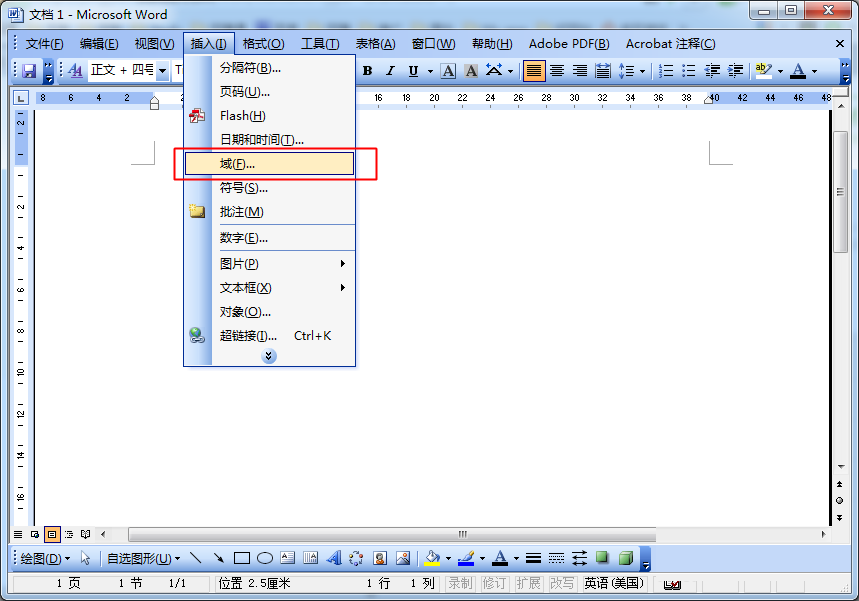 在"菜单栏"中找到"插入"选项,在下拉菜单中点击"域"命令:
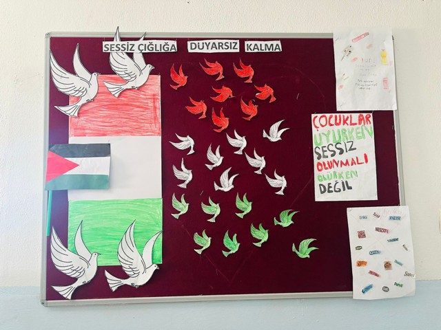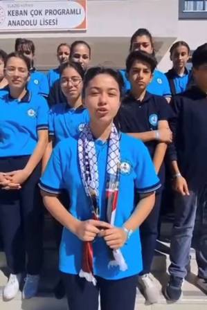 Keban İlçesinde okullardaki Öğrenciler Filistin'deki insan hakları ihlallerinin durdurulması için dikkat çekmek,farkındalık oluşturmak amacı ile etkinlik düzenledi.
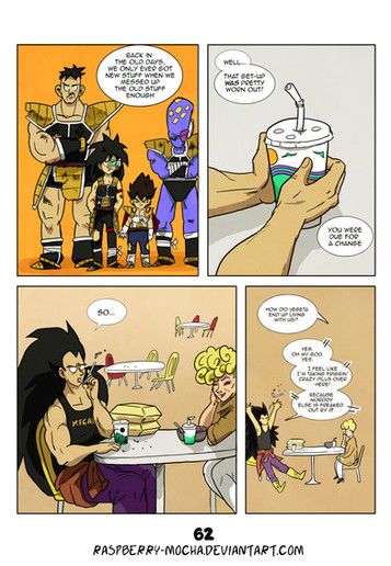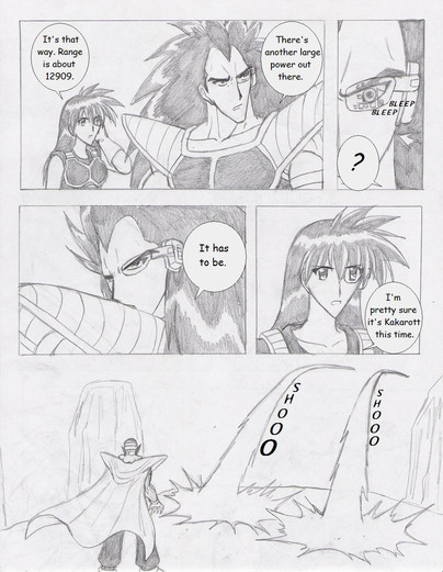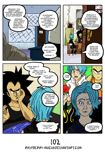 Vegeta is really smart, well like we didn't know that already. He had a lot of time to study ships in his early life. Fun Raditz is so impressed with Bulma, he should only know what stuff she can make. (Just me or does Radizt look a little like Vegeta in the 2nd panel? I think I always thought Vegeta and Raditz looked more like brothers, must be the eyes).
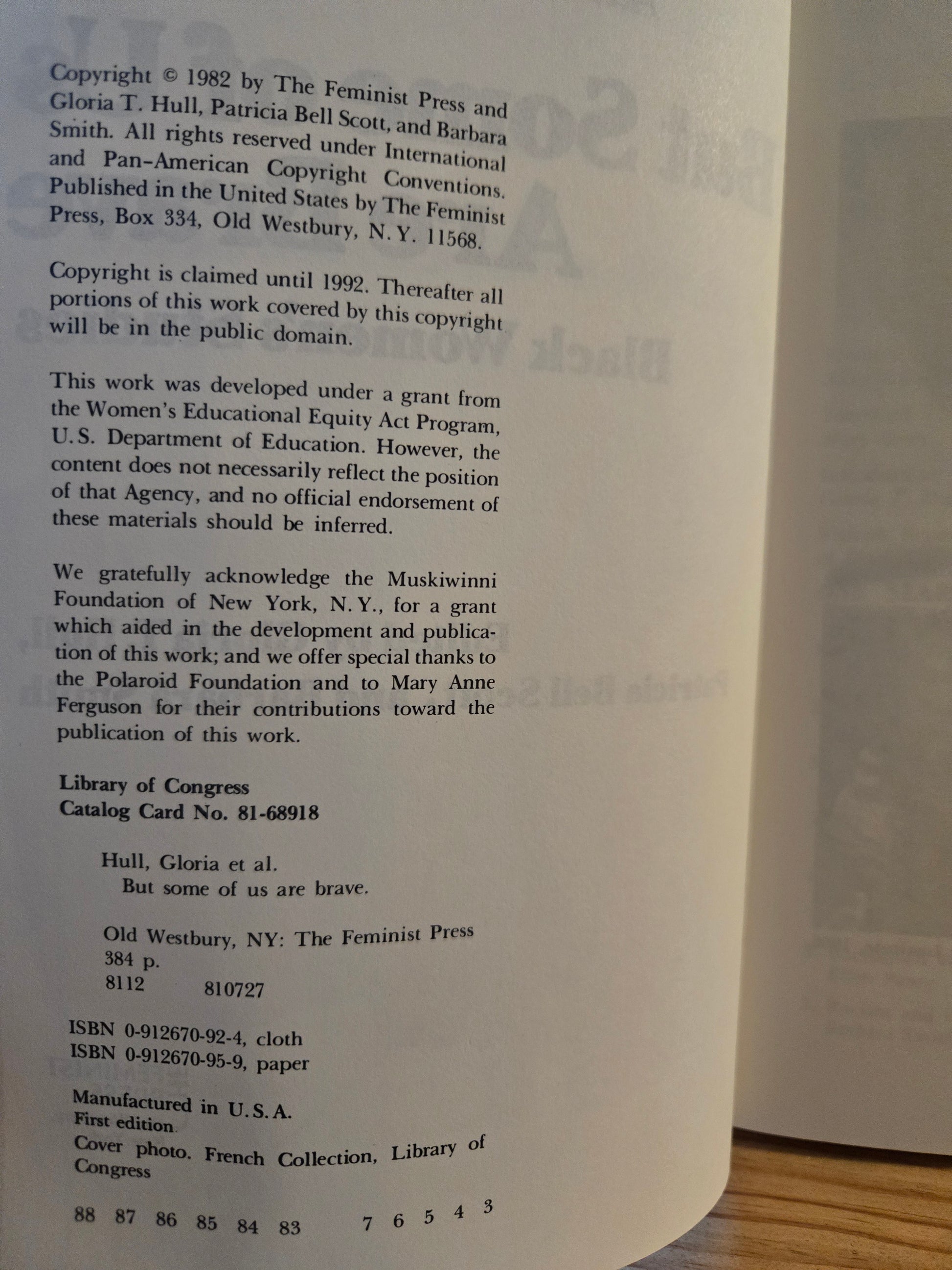 But Some of Us Are Brave: Black Women's Studies // Edited by Gloria T. Hull // 1st Paperback Edition 3rd Printing 1982 // Vintage Paperback
§
The problem | Would you retype each line above exactly and skip every image?

Written solution |
 在"菜单栏"中找到"插入"选项,在下拉菜单中点击"域"命令:
 Keban İlçesinde okullardaki Öğrenciler Filistin'deki insan hakları ihlallerinin durdurulması için dikkat çekmek,farkındalık oluşturmak amacı ile etkinlik düzenledi.
 Vegeta is really smart, well like we didn't know that already. He had a lot of time to study ships in his early life. Fun Raditz is so impressed with Bulma, he should only know what stuff she can make. (Just me or does Radizt look a little like Vegeta in the 2nd panel? I think I always thought Vegeta and Raditz looked more like brothers, must be the eyes).
 But Some of Us Are Brave: Black Women's Studies // Edited by Gloria T. Hull // 1st Paperback Edition 3rd Printing 1982 // Vintage Paperback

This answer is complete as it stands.